WHAT YOU ARE ASKED TO DO :: Among the entries below, retype exactly the lines starting with the one with "三毛猫です。赤い首輪してます" and going on through the one with "A painting I", but not the pictures.
START SOURCE RECORDS
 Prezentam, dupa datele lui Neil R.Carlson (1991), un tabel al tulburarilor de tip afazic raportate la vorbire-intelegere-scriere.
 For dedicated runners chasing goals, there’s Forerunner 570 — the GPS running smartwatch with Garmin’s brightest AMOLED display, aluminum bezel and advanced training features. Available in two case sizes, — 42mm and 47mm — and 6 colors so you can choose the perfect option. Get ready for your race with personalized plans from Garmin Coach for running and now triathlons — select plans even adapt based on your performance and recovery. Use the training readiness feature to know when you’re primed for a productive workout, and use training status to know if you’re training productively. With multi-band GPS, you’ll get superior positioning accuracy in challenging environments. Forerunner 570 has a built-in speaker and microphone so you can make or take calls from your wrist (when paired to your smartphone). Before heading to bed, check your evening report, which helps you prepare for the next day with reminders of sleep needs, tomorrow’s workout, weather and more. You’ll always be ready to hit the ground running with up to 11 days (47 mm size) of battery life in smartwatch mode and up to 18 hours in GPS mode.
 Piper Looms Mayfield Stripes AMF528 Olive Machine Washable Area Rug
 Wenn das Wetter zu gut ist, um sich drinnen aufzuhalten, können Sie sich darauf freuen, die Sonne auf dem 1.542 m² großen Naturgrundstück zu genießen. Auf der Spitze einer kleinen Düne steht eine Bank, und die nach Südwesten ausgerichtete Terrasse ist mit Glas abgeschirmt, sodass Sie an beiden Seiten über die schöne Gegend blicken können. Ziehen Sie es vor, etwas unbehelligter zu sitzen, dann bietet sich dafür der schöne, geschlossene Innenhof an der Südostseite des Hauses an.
END SOURCE RECORDS
START SOURCE RECORDS
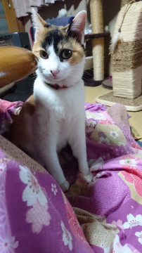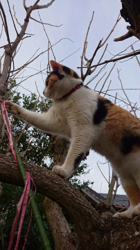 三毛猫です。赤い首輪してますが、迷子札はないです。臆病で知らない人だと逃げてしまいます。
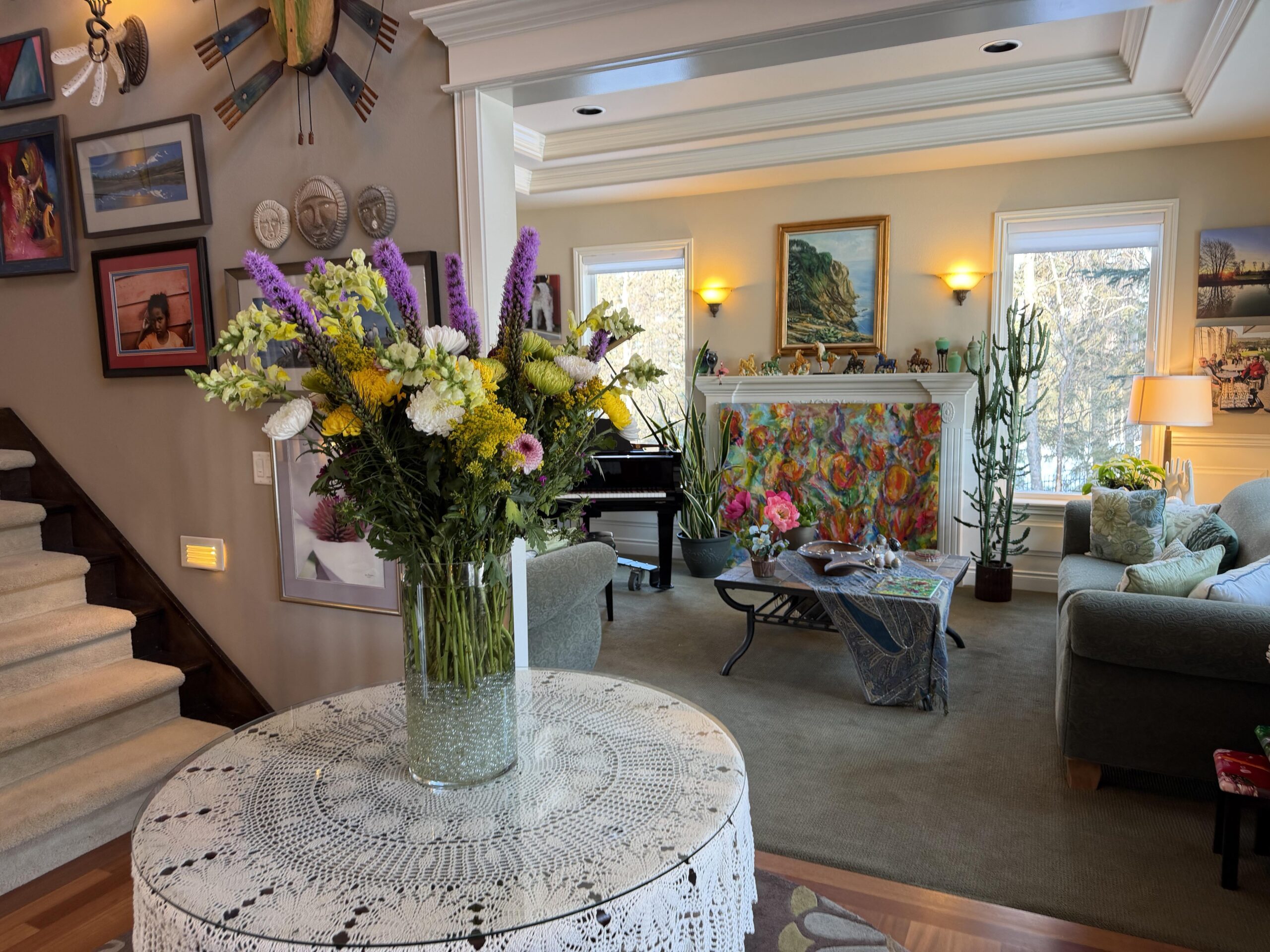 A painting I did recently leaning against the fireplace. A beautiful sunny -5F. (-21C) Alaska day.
END SOURCE RECORDS
RESPONSE ::
 三毛猫です。赤い首輪してますが、迷子札はないです。臆病で知らない人だと逃げてしまいます。
 A painting I did recently leaning against the fireplace. A beautiful sunny -5F. (-21C) Alaska day.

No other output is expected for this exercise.